» Problem requirements
Could you retype exactly the lines below between the one holding "В результате слабого" and the one holding "根据苹果的数据显示,iPho", inclusive, leaving out any pictures?

» Information shown

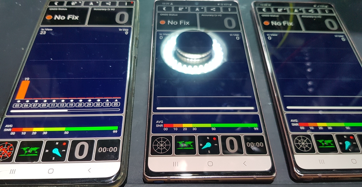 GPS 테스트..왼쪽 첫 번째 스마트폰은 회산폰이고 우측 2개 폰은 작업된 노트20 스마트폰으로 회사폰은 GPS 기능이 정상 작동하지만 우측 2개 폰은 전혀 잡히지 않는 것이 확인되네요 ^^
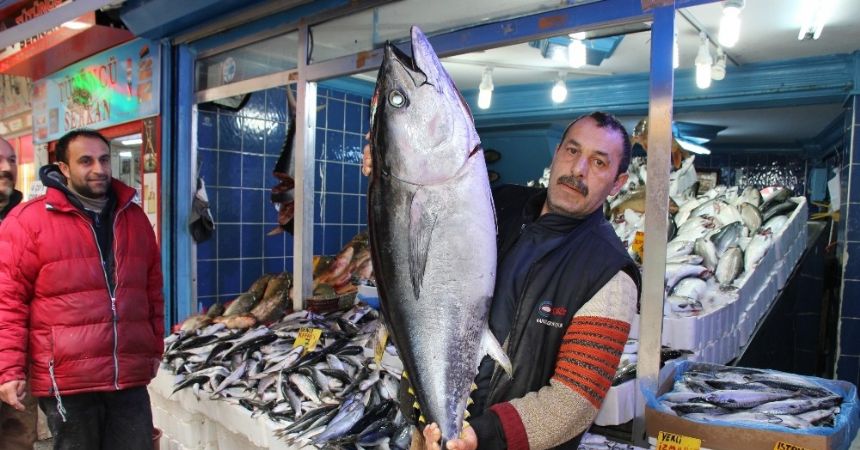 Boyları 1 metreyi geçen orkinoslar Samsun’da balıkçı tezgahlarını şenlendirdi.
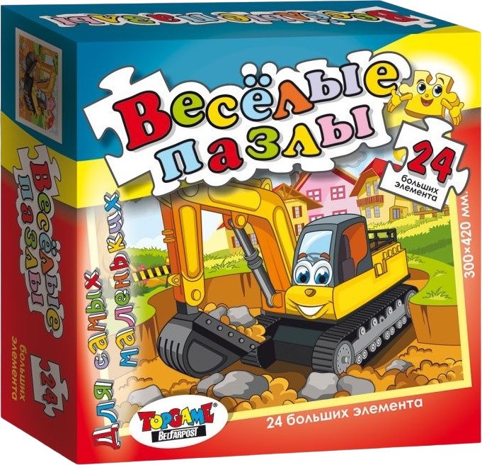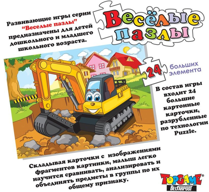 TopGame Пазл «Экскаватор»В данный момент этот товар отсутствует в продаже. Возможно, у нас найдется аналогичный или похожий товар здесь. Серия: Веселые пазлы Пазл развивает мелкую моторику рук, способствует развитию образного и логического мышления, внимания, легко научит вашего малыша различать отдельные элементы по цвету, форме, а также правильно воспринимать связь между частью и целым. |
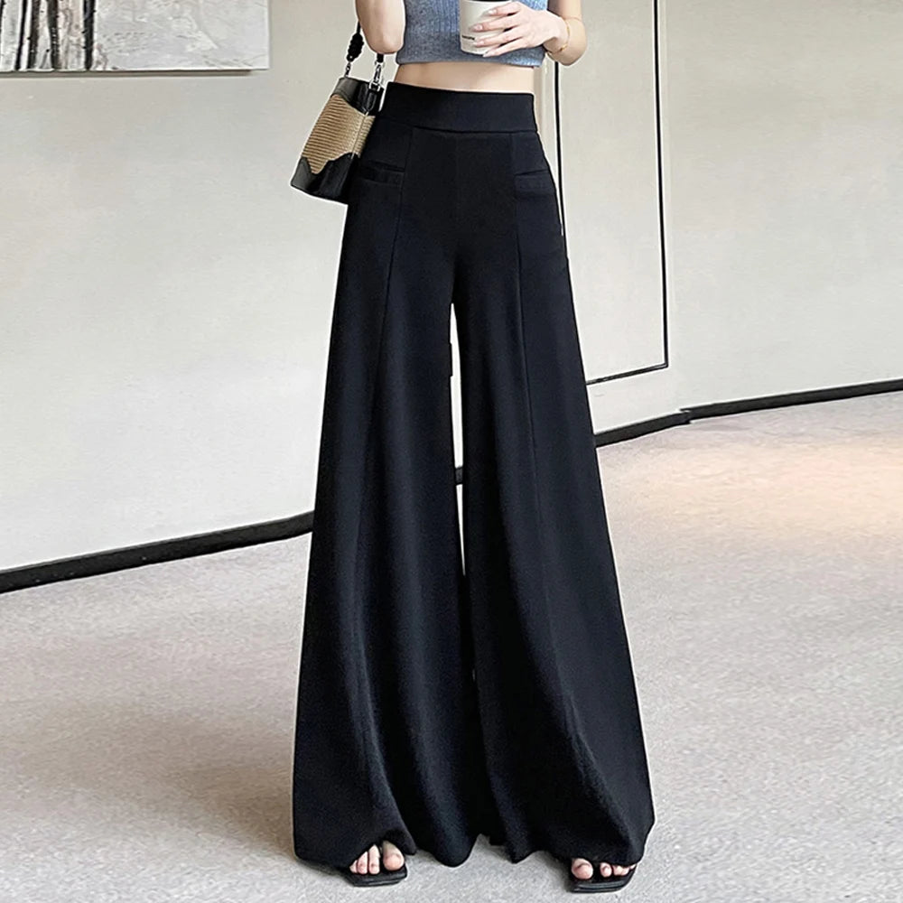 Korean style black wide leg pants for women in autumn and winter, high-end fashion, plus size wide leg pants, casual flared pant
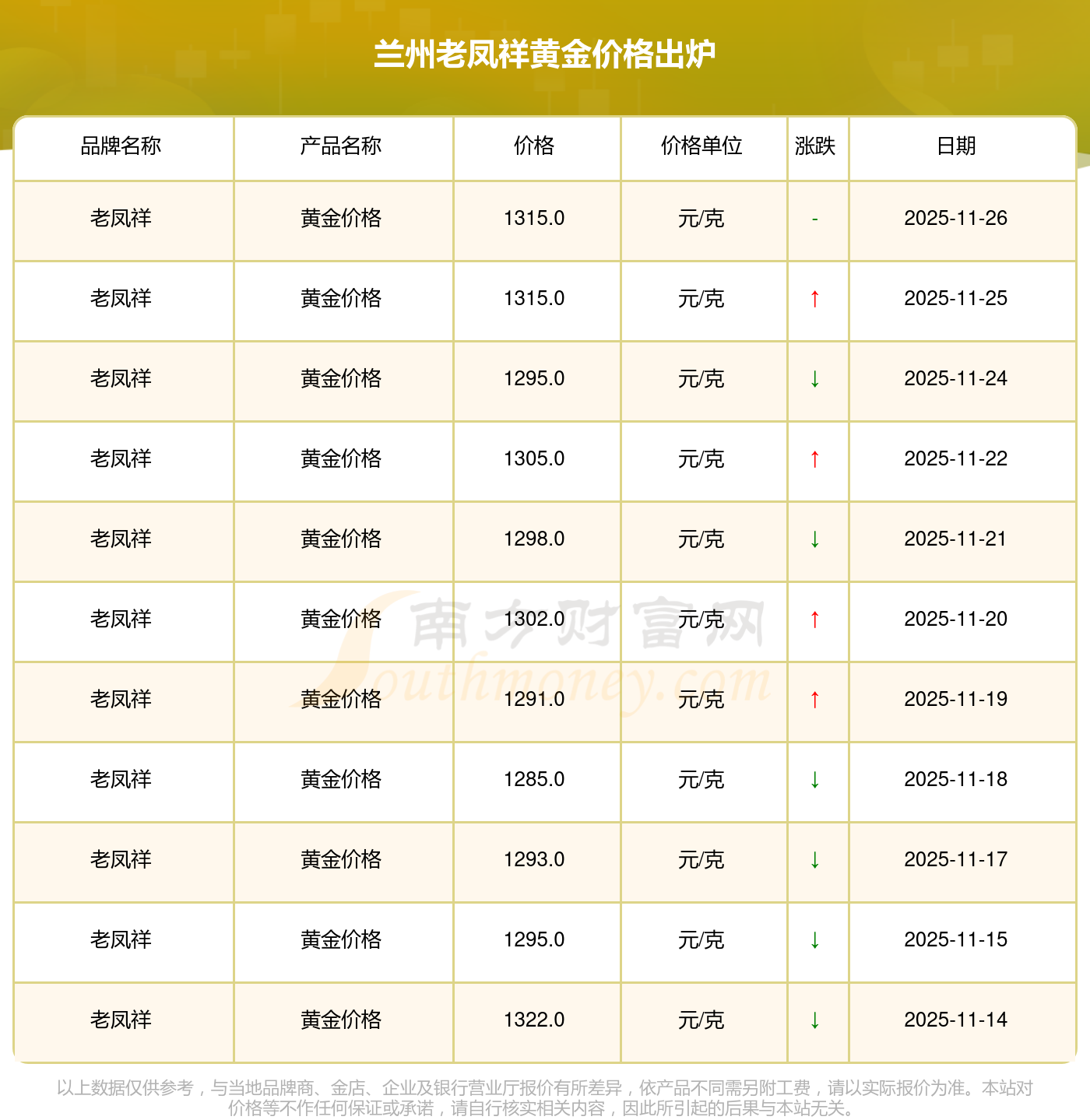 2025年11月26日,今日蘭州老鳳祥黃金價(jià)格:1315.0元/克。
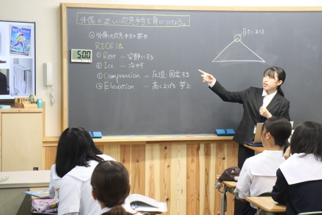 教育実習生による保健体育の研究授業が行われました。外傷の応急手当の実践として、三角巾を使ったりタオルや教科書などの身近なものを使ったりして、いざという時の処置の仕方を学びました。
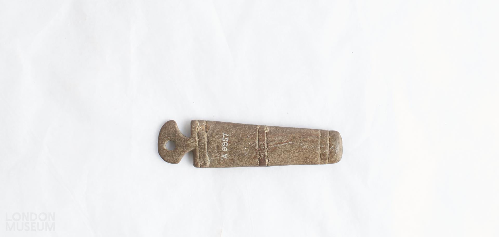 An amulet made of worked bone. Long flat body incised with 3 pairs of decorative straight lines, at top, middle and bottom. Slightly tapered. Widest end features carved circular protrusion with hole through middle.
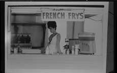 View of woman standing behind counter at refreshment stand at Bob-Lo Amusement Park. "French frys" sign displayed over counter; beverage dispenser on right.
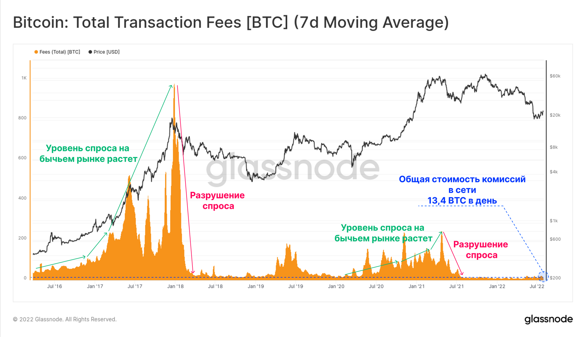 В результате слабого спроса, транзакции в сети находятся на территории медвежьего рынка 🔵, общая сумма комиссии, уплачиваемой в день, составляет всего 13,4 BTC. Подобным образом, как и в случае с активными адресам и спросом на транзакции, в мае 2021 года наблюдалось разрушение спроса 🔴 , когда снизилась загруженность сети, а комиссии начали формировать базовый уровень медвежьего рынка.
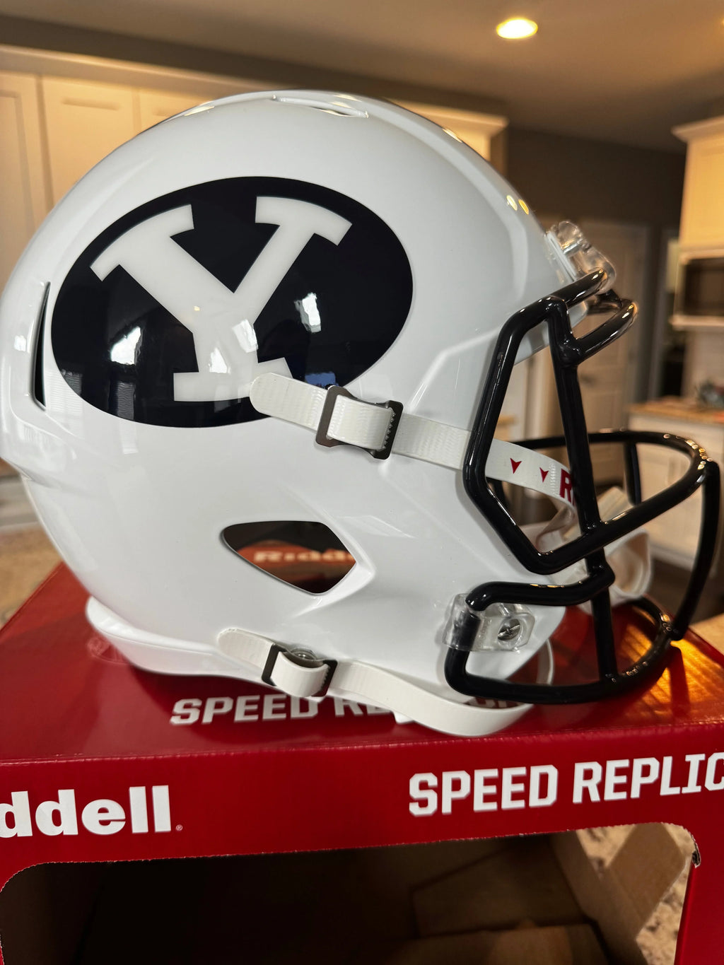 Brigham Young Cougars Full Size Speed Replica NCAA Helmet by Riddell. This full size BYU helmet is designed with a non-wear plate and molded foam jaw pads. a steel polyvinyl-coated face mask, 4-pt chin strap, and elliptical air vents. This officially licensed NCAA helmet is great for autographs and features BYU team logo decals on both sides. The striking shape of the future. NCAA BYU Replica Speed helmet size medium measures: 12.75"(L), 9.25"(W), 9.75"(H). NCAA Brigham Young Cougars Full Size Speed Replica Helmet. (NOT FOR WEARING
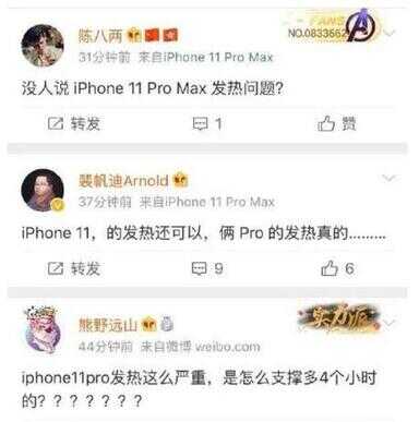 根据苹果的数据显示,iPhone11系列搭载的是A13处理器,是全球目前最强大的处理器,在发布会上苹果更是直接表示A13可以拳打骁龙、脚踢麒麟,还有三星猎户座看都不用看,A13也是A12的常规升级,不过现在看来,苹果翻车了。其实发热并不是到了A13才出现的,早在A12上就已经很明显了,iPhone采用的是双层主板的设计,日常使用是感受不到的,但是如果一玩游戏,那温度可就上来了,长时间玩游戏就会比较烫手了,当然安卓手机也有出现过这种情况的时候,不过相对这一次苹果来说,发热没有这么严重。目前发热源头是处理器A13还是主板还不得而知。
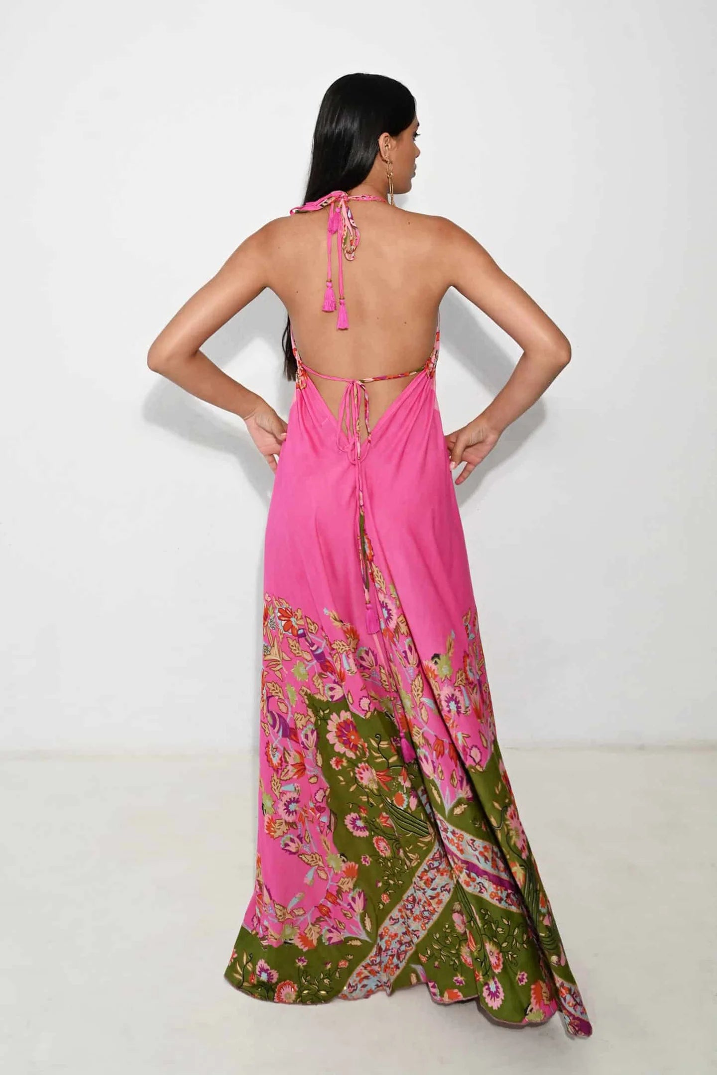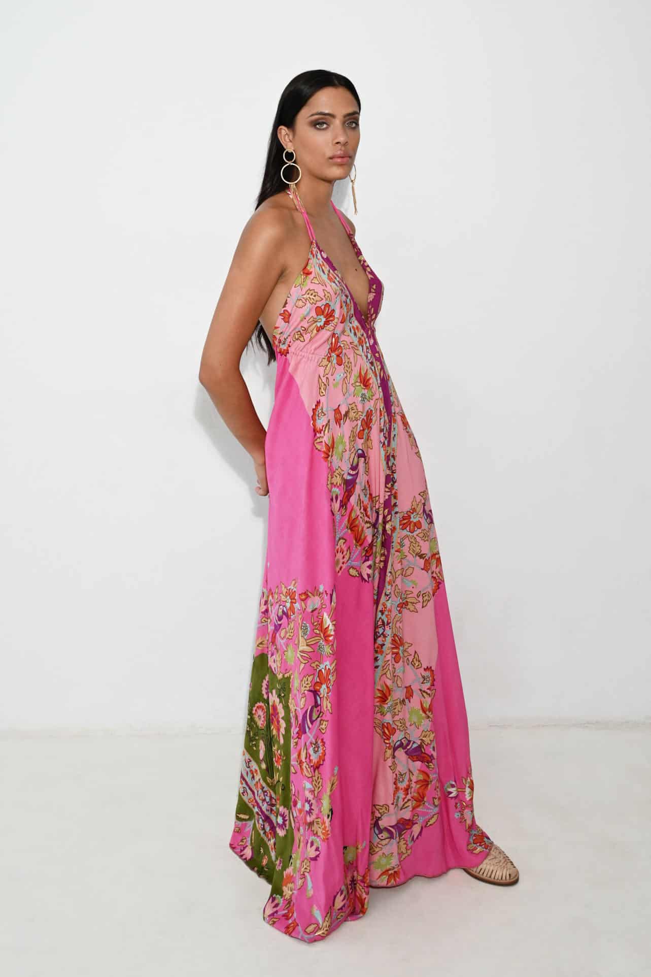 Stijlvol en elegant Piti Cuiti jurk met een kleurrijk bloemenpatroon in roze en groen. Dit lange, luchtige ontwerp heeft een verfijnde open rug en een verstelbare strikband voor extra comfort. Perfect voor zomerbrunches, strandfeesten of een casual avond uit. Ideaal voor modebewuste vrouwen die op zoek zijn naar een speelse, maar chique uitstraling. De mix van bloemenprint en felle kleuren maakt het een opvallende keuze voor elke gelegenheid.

» Finished task
 В результате слабого спроса, транзакции в сети находятся на территории медвежьего рынка 🔵, общая сумма комиссии, уплачиваемой в день, составляет всего 13,4 BTC. Подобным образом, как и в случае с активными адресам и спросом на транзакции, в мае 2021 года наблюдалось разрушение спроса 🔴 , когда снизилась загруженность сети, а комиссии начали формировать базовый уровень медвежьего рынка.
 Brigham Young Cougars Full Size Speed Replica NCAA Helmet by Riddell. This full size BYU helmet is designed with a non-wear plate and molded foam jaw pads. a steel polyvinyl-coated face mask, 4-pt chin strap, and elliptical air vents. This officially licensed NCAA helmet is great for autographs and features BYU team logo decals on both sides. The striking shape of the future. NCAA BYU Replica Speed helmet size medium measures: 12.75"(L), 9.25"(W), 9.75"(H). NCAA Brigham Young Cougars Full Size Speed Replica Helmet. (NOT FOR WEARING
 根据苹果的数据显示,iPhone11系列搭载的是A13处理器,是全球目前最强大的处理器,在发布会上苹果更是直接表示A13可以拳打骁龙、脚踢麒麟,还有三星猎户座看都不用看,A13也是A12的常规升级,不过现在看来,苹果翻车了。其实发热并不是到了A13才出现的,早在A12上就已经很明显了,iPhone采用的是双层主板的设计,日常使用是感受不到的,但是如果一玩游戏,那温度可就上来了,长时间玩游戏就会比较烫手了,当然安卓手机也有出现过这种情况的时候,不过相对这一次苹果来说,发热没有这么严重。目前发热源头是处理器A13还是主板还不得而知。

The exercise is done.